System deps (`--with-deps`) still need root, but the *browser binary* must land in the service user's cache. Do both: `sudo playwright install-deps chromium` once, then `sudo -u service_user … playwright install chromium`.

**5. `systemd ProtectSystem=strict` also breaks Chromium itself.** Even after you stop trying to write to read-only template dirs, Chromium's sandbox needs more filesystem access than `strict` permits and exits with code 226/NAMESPACE on launch. There is no Chromium flag that papers over this. Drop the strict filesystem protections for the service that runs the renderer; use light hardening only — `NoNewPrivileges=true`, `ProtectKernelTunables=true`, `RestrictSUIDSGID=true`. Document the trade in the unit file so the next operator doesn't restore `strict` and break the renderer six months from now.

## What I'd change

**Default to `set_content()` for any PDF render behind a sandbox.** The disk-write footguns (#2, #3) both disappear if you commit to in-memory HTML from day one. There's no performance cost — `set_content` doesn't reparse anything `goto("file://…")` wouldn't have — and you avoid two classes of failure that don't surface until production hardening lands.
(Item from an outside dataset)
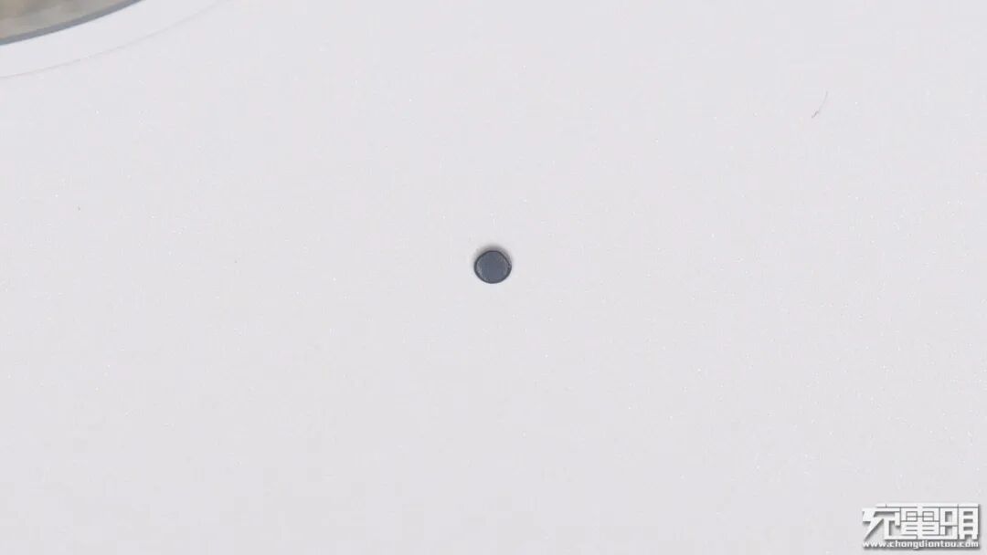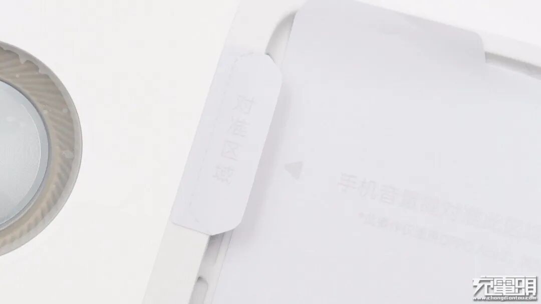 在风扇和无线充交界处贴有提示贴纸,用户在放置手机时将音量调整按键对准贴纸位置,才能获得最好充电效果。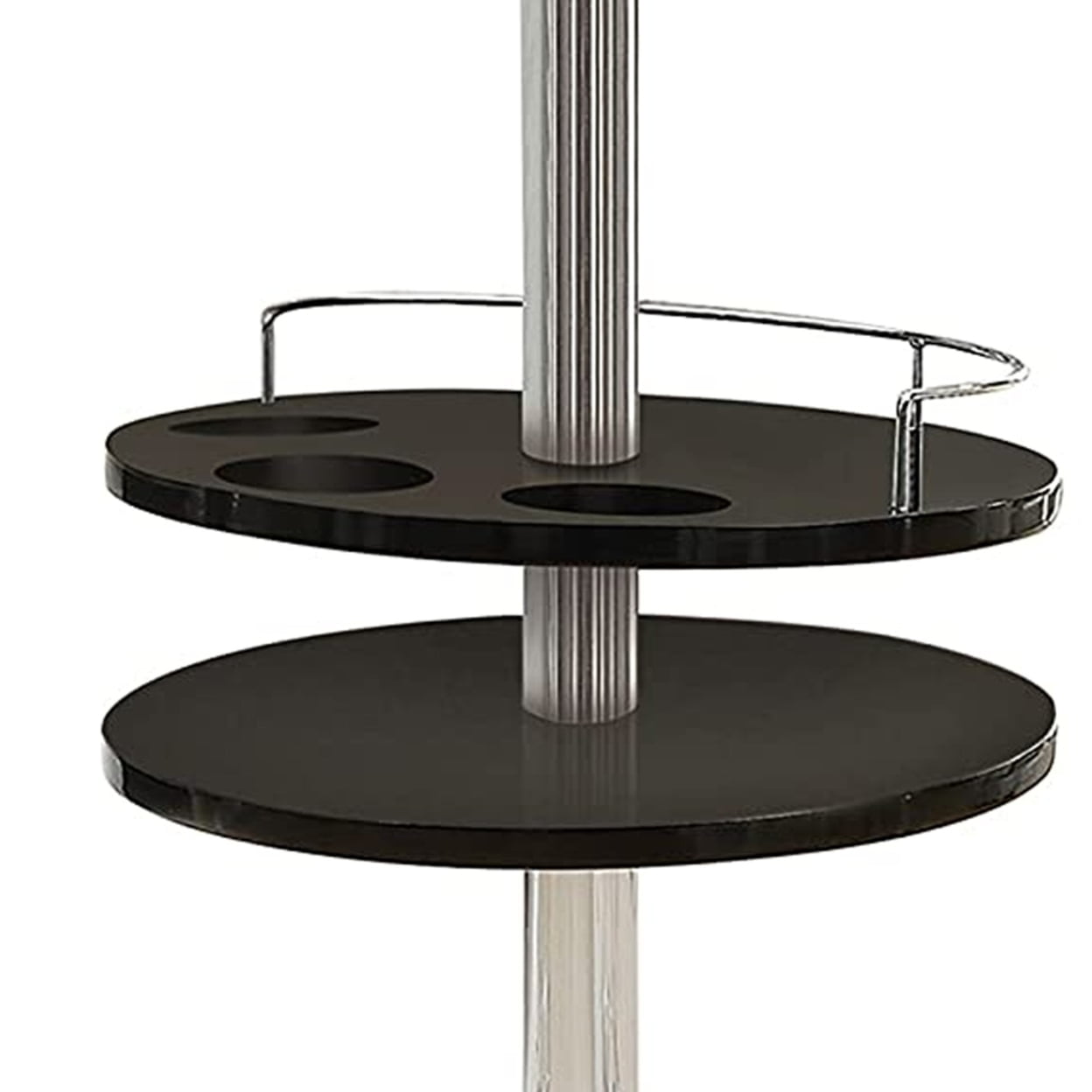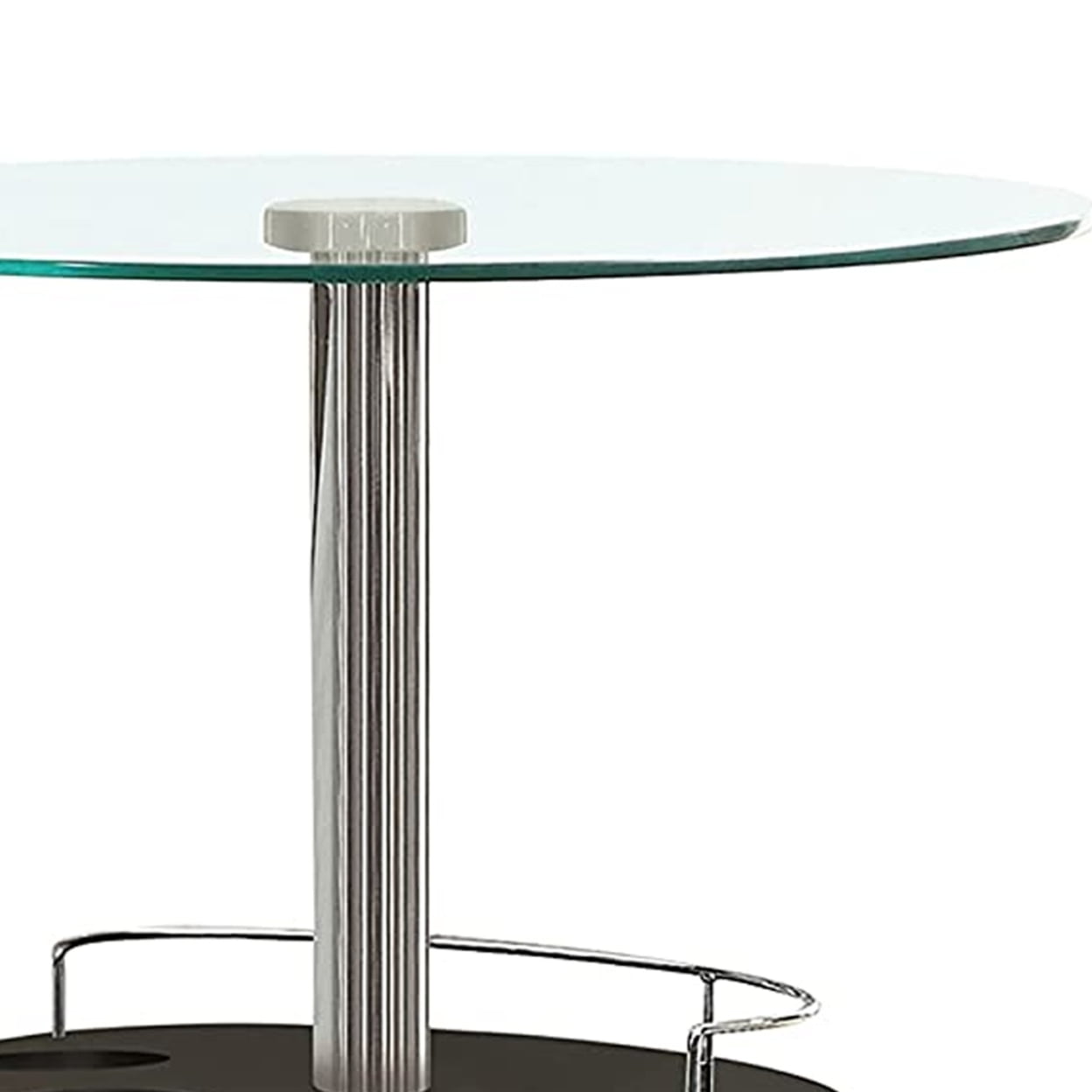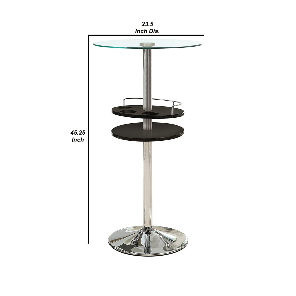 Featuring a built-in wine and stemware shelf, this contemporary bar table is perfect for compact spaces. Delivering modern style, the table features a round tempered glass tabletop perfect for indulging in a cocktail or serving up a great glass of wine. Underneath, its wine and glassware storage shelf is crafted with two layers of black glass that draw the eye. The table rests atop a pedestal base with a round foot and gleaming chrome finish. Measuring just under 24 inches across, this bar table fits virtually anywhere.

**Bake the `sudo -u service_user` install into the deploy playbook, not the runbook.** The browser-cache footgun (#4) is a one-line fix once you know the rule, but every operator who runs `sudo playwright install` out of habit will hit it again. Put the explicit `sudo -u <service_user>` form in the README, the systemd unit file as a comment, and the deploy script. The cost of pre-empting it is zero; the cost of debugging it cold is an hour per occurrence.

WeasyPrint is gone from `requirements.txt`. Chromium runs at ~150 MB resident per render, 2–3s for an A4-ish PDF with brand fonts. No more `calc()` resolver crashes — and no `calc()` workarounds left in the templates either. The modern CSS that triggered the original migration ships now without per-template special cases.